Me & my hubs had a really good :rofl: about this question last night sitting in the bathtub, trying to describe what you want to ask your wife, I was rolling up a storm getting to that part..... it was alot of fun. Thank you. I get alot of entertainment off this forum at times. 

I think your reply makes sense, so long as you are a loving caring husband in all other ways...know & please your wife with sensual love making also... I wouldn't find the expressing this as objectifying or offending...I might think "Whoooaaaa" at first, laugh ... but then I would be daring.... and look upon it like an Erotic "Fear Factor" stint ....all in the game of love.


----------



## Cosmos

The idea with oral, surely, is to swallow as quickly as possible. Very few women actually like the taste / texture of semen, and 'deep throat' so as not to gag or show their dislke for the taste / texture of it to their partners. Actually _drawing out the process_ in order to get her to drink it from a glass, in front of him, is pushing the boundaries way too far.

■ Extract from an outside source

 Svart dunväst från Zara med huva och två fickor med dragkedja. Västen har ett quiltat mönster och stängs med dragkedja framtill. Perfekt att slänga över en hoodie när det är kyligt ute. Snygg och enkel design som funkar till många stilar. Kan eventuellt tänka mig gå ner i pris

I really must stop reading these sort of threads.


----------



## Gaia

As much as this thread .. grossed me out.. and yes I threw up a lil in my mouth as well... I'm still going to ask H about this when he gets home.. lol. I'd never do it.. and it's gross imo... but that's my viewpoint... To those who are capable of stomaching something like that... good for you, just not my thing.. lol.


----------



## Gaia

Cosmos said:


> I really must stop reading these sort of threads.


^^^ Same!! :iagree:


----------



## Gaia

humanbecoming said:


> Gaia if your hubby agrees to drink it, maybe let others know how well he did? Any tips?
> 
> :rofl:
> 
> I need to stay in social....


Waiiiit... i thought this was about the woman drinking the mans cum from a glass... not the other way around????


----------



## Gaia

Or is it.. him drinking his own cum from a glass? I'm confused.... either way it's gross imo... lol


----------



## As You Wish

I just asked DH if this would be a turn on for him. His answer was no. Whew.


----------



## frankieg

i am a guy and i it would not do anything for me to see. so i would not even ask. i agree with the other comments...lay off the porn bud lol


----------



## La Rose Noire

Trenton said:


> Nah, you're pretty gross and I truly hope this never becomes my regular cup of tea for sure.

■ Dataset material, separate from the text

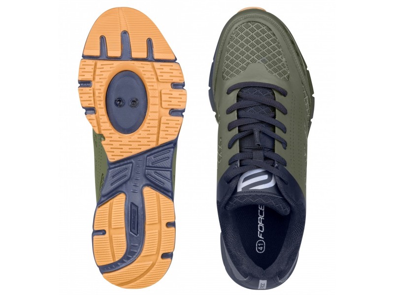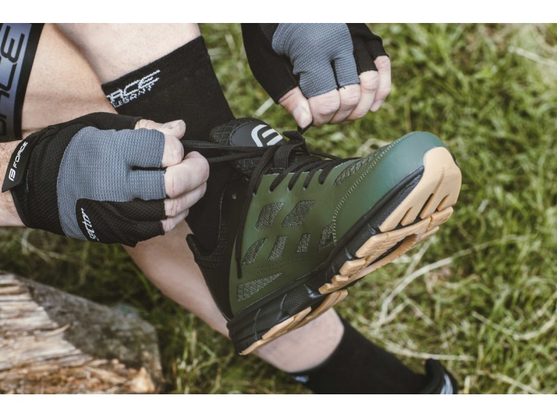 zvršok: syntetická koža a textilná sieťovina podrážka: EVA hmotnosť: 365 g (1/2 páru veľkosť 42) moderný dizajn zosilnená špička anatomická stielka vetracie otvory pre vynikajúcu priedušnosť kompatibilný s SPD (gumový chránič topánky sa musí odstrániť) gumový chránič topánky pre dlhú životnosť šnurovanie reflexný prvok na päte index tuhosti: 5 zarážky nie sú súčasťou balenia veľkosť zodpovedá štandardu civilnej obuvi balené v krabici FORCE

Um I never said it should be your cup of tea. 

It's okay. You think I'm gross, I think you're sexually repressed. 


_Posted via Mobile Device_


----------



## sinnister

What 2 people do in the presence of thier own home is their business.

We have no right to judge as long as both are consenting. Jeez. This place is like a convent sometimes.

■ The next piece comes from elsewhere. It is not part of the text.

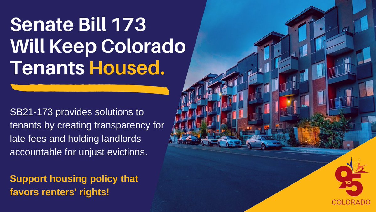 Colorado tenants deserve fundamental due process and basic protections to keep them housed. SB21-173 will create housing policy that is reliable & transparent, while also holding landlords accountable for unlawful actions.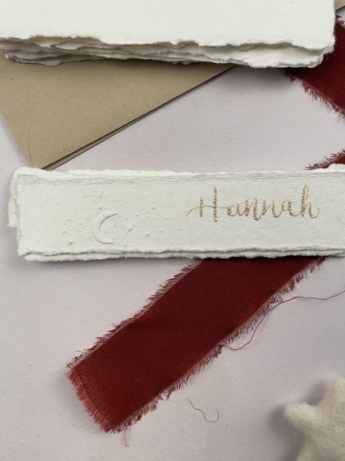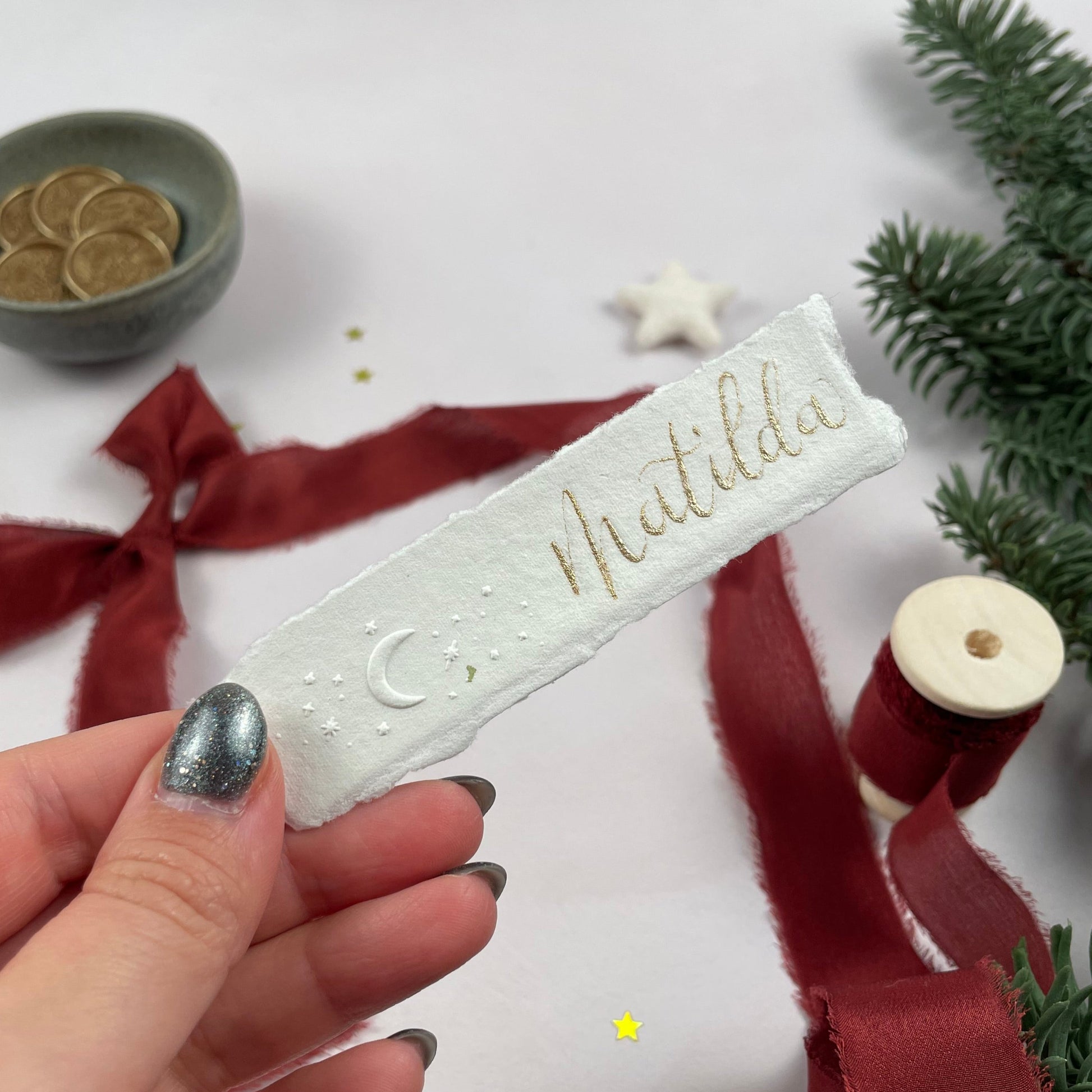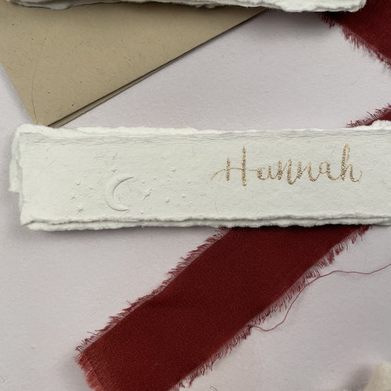 Stunning white handmade paper placename cards finished with hand lettered calligraphy in gold metallic ink, complemented by a delicate embossed celestial design. Choose from four sizes.

And no it does nothing for me either. But I just feel you guys are way over the top in your protestations.


----------



## La Rose Noire

sinnister said:


> What 2 people do in the presence of thier own home is their business.
> 
> We have no right to judge as long as both are consenting. Jeez. This place is like a convent sometimes.
> 
> And no it does nothing for me either. But I just feel you guys are way over the top in your protestations.


Thank you. 

I only posted to offer insight, and have people understand that it wasn't about being objectified or disrespected. I did not expect to be made fun of. I expect that kind of behavior from children, not adults.
_Posted via Mobile Device_


----------



## Gaia

sinnister said:


> What 2 people do in the presence of thier own home is their business.
> 
> We have no right to judge as long as both are consenting. Jeez.
> 
> And no it does nothing for me either. But I just feel you guys are way over the top in your protestations.


I agree with the.. "We have no right to judge" and there have been some people judging others... but there are also those.. such as myself... just stating our opinion on the matter and what we think and feel about doing what the OP is considering doing. Those are not judgemental.. they are just point of views. (I decided i couldn't wait till hubby got home to ask him about this.. so i just texted him.. lol waiting to see his reply...)


----------



## SimplyAmorous

Here is my way of viewing life... I am not a RISK taker in anything that could harm my body or his, could make us sick or risk our futures in any way, I wouldn't even get a tatoo -just in the slight chance the Needle holder didn't clean his instruments good enough....I think of the future...

I wouldn't drink anything that could harm me either. I am too hypochondriac health conscious (but not OCD)

But something like this.... yeah...it's a little







......but in the big scheme of life...It ain't gonna hurt anything either. 

People have some S T R A N G E fetishes out there , Google some of those! This is Tame tame tame tame. I'm not gonna judge. If they are harmless & in the privacy of their own bedrooms.... more power to them. 

I guess the question remains.. will this OP ask his wife...after all our responses here ? If he chooses to go ahead...we would all love to hear how SHE responded !


----------



## LovesHerMan

OP asked, "question to the women here is what would your reaction be, and how best should I pose the request to maximize my chances of success?"

People are giving their reaction to this request.


----------



## Cosmos

sinnister said:


> What 2 people do in the presence of thier own home is their business.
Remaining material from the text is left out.